Abstract
A 66-year-old woman had visited a nearby clinic with frequent hiccupping one month earlier. Gastric distension was noted on abdominal X-ray, and she was referred to our hospital with suspected pyloric stenosis. No abnormal findings other than abdominal bloating were apparent. Upper gastrointestinal endoscopy showed severe stenosis in the pylorus and a submucosal tumor-like protrusion at the center of the posterior wall.
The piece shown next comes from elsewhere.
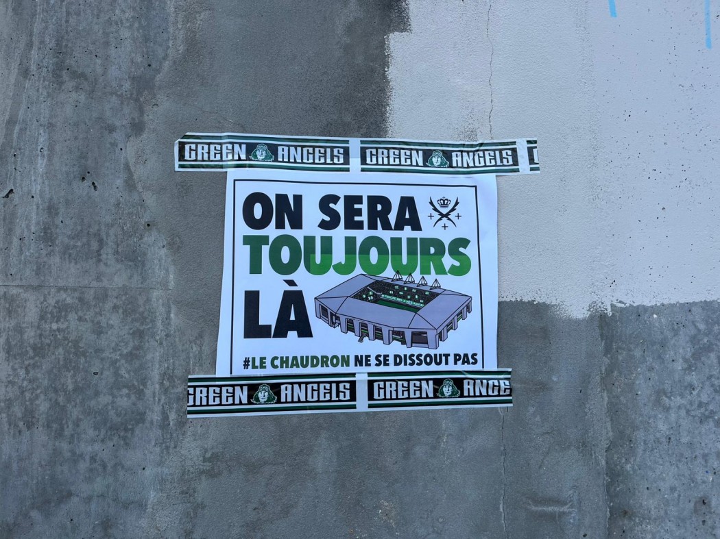 Plus globalement, de nombreuses affiches fleurissent dans toute la ville de Saint-Étienne mais aussi dans les communes alentours où l'on peut notamment lire : "Le Chaudron ne se dissout pas" ; "Touche pas à mes Kops" ; "GA Liberta" ; "Les Apaches ne meurent jamais" ; "On sera toujours là".
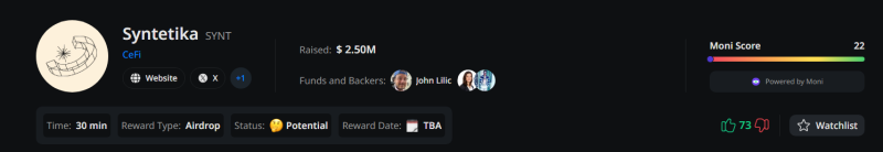 - Đã gọi vốn được 2.5 triệu đô: https://crypto-fundraising.info/projects/syntetika/

Biopsy identified a Group 1 mass, but invasion into the duodenal bulb was suspected on abdominal ultrasonography. Submucosal tumor-like gastric cancer could not be ruled out, and she underwent surgery for the purposes of definitive diagnosis and treatment of the obstruction. After distal gastrectomy conforming to treatment for gastric cancer with accompanying duodenal invasion, lymph nodes D2+No.12b/p, 13a, and 14v were dissected. Malignant transformation of an aberrant pancreas was diagnosed from histopathological examination. Lymph node metastasis was observed at No. 5, 6, 8a, and 13a.
General findings were pT3, pN2, sH0, sP0, pCY0, pM1, fStage IV. This case suggests that when gastric submucosal tumor is diagnosed, differential diagnosis should include primary adenocarcinoma of aberrant pancreas in the stomach, although this is rare, and a surgical procedure that takes lymph node metastasis into account should be considered.